Sandwich dispute turns deadly for Brewerytown deli worker:
The customer said he wanted the sandwich prepared a specific way, which irritated the employee, who said he did not need to be told how to make a sandwich, according to police. Police said they did not know what type of sandwich was being prepared.

Monday, October 10, 2005

Warranty rhymes with free

So the problem was the hard drive. And they must have been right, because here's what happened. They put in a new hard drive, and then it didn't work because there was a problem with the RAM. So they fixed the RAM. And since I had a new hard drive, my computer worked again. I'm glad they figured out I needed a new hard drive.

UPDATE 10/21: I should have titled this post "I'm glad they didn't have to fix the logic board."

Thursday, October 06, 2005

I changed my mind.

I'm all for evolution. Although really I'm more of a Murphy's man, myself.

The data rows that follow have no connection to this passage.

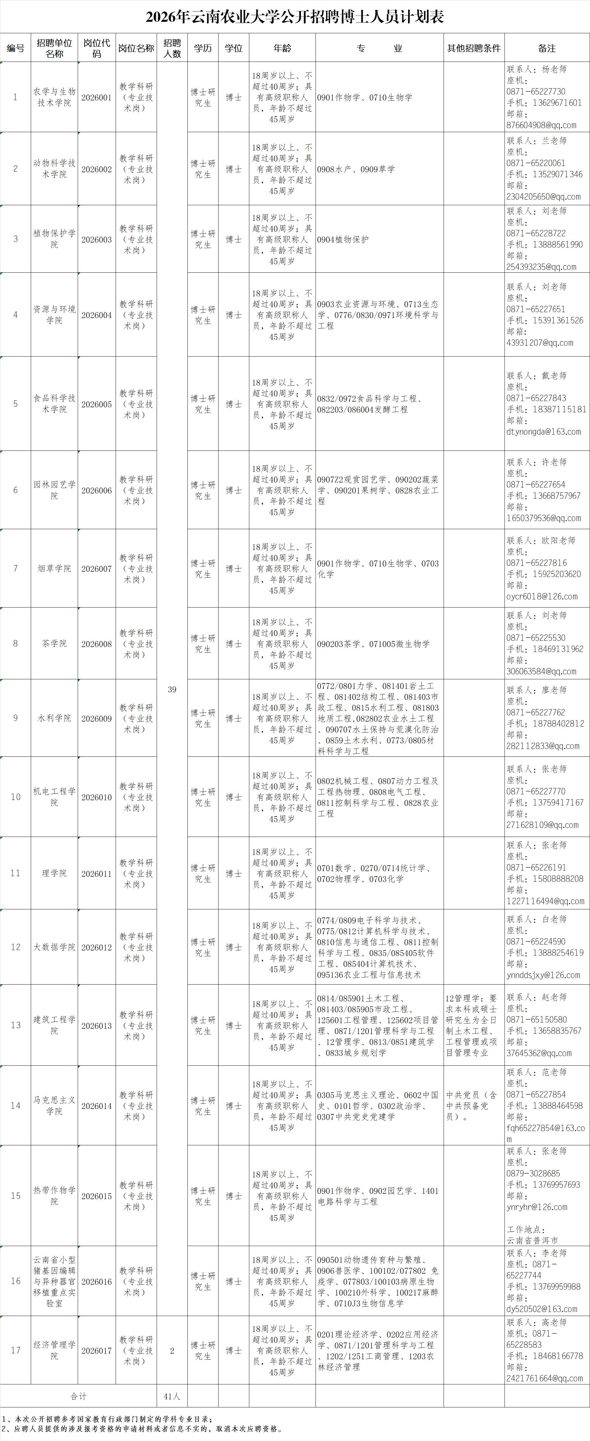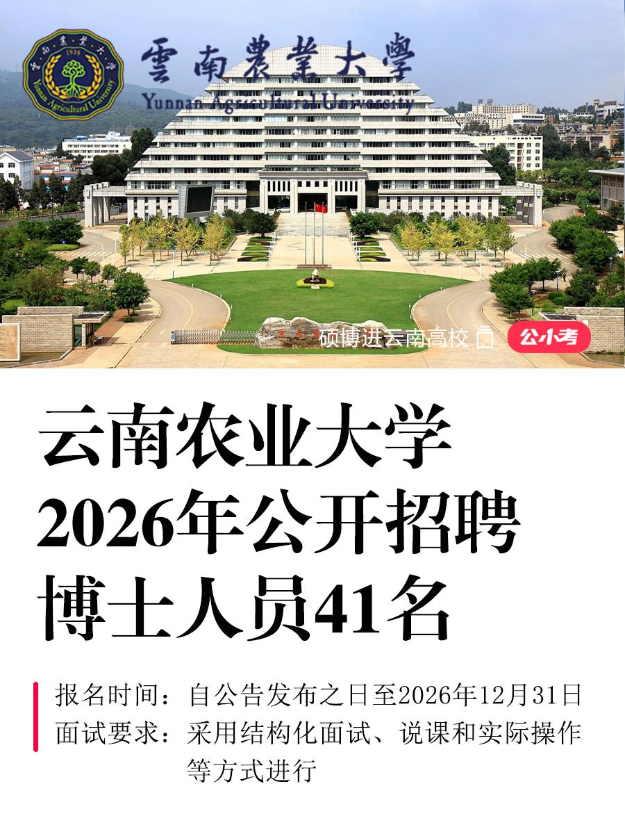 云南农业大学2026年招聘博士人员41名。按照《事业单位公开招聘人员暂行规定》(人事部令第6号)、《云南省事业单位公开招聘工作人员办法》(云人社发〔2016〕182号)等法律法规,根据工作需要,经云南省教育厅审核同意报云南省人力资源和社会保障厅核准,2026年云南农业大学计划面向社会公开招聘博士人员41名,现将有关事项公告如下: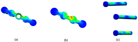 Figure 4. Stress distribution in fixation techniques at 3 mm mandibular advancement and 300 N force. (a) Model 4: 6-hole 1.7 mm miniplate; (b) Model 5: 2.0 mm miniplate with 4.4 mm gap; (c) Model 6: 2.0 mm bi-cortical screws.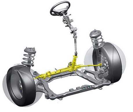 Основным механизмом реечного управления является зубчатая рейка, назначение которой заключается в том, чтобы перемещать ведущую шестерню, в свою очередь связано с рулевым колесом, то есть устройство данного механизма довольно простое и как следствие этого надежное.
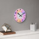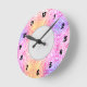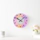 En väggklocka med en munkavle och en rosa prismbakgrund.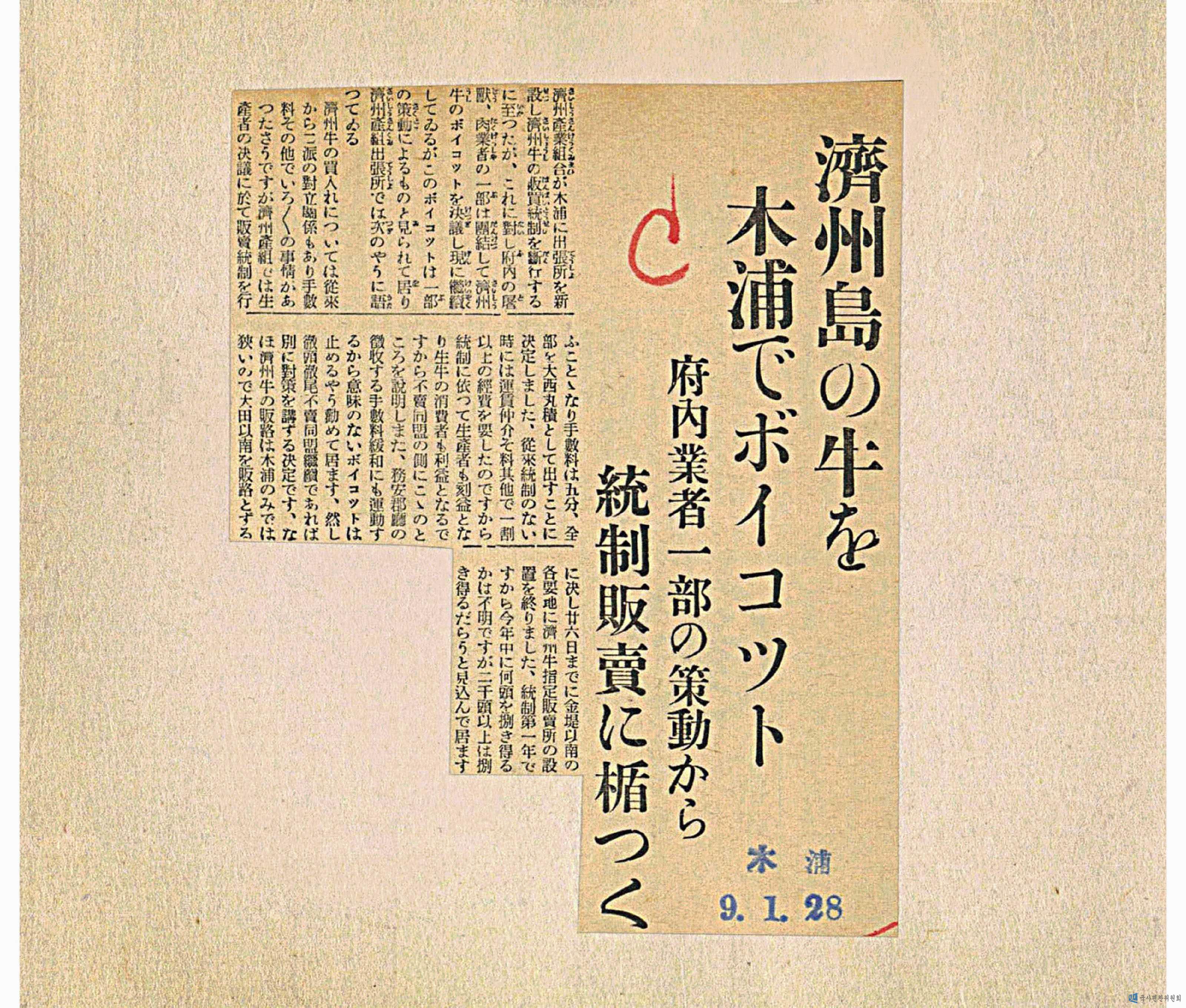 「일제하신문기사」제주도의 소를 목포에서 보이콧 부내업자 일부의 책동에 대해 통제판매로 맞서다 (濟州島の牛を木浦でボイコツト府內業者一部の策動から統制販賣に楯つく)

Wednesday, October 05, 2005

It was Col. Panic, in the computer room, with a monkey wrench

I don’t talk about them much, but I have strong opinions about human-computer interface design. I am also a lifelong Macintosh aficionado, and I believe that Apple Human Interface Guidelines: The Apple Desktop Interface (1987) is a neglected classic.

One of the original ideas for the Mac was that it would be an "appliance" computer, whose users would exclusively experience its simple graphical/spatial "surface" rather than its complicated digital/linear innards. Over the years, Apple has leapt through hoops to maintain the illusion of simplicity, even though its modern operating system has Unix under the hood, making it achingly nerd-worthy.

Although this illusion is often beneficial and even elegant, many computer-savvy people interpret it as condescension. I think this feeling of being condescended to is the source of much of the hatred of Macs that's out there. Although I generally disapprove of that response, let me tell you now: Sometimes, I understand how they feel.

Case in point, the following error message, which has been showing up on my Powerbook at boot:

It would be polite to call this a "headscratcher." Now, it turns out that this screen indicates something known as a kernel panic, a Unix term for a certain rare kind of system error. The interesting thing is that Apple has changed the error message. In earlier versions of OS X, a kernel panic caused potentially useful diagnostic information to be displayed, like this:

The information previously displayed is now logged to an obscure location (especially unhelpful if, as in my case, it is impossible to boot the computer and read the logfile). Fitting into bad Apple stereotypes like a huckster into a plaid suit, this change (a) prettied things up while (b) hiding any useful information and (c) stating the infuriatingly obvious. We mustn't frighten the users.

You can witness the evolution here. Myself, I'd prefer some intelligent design.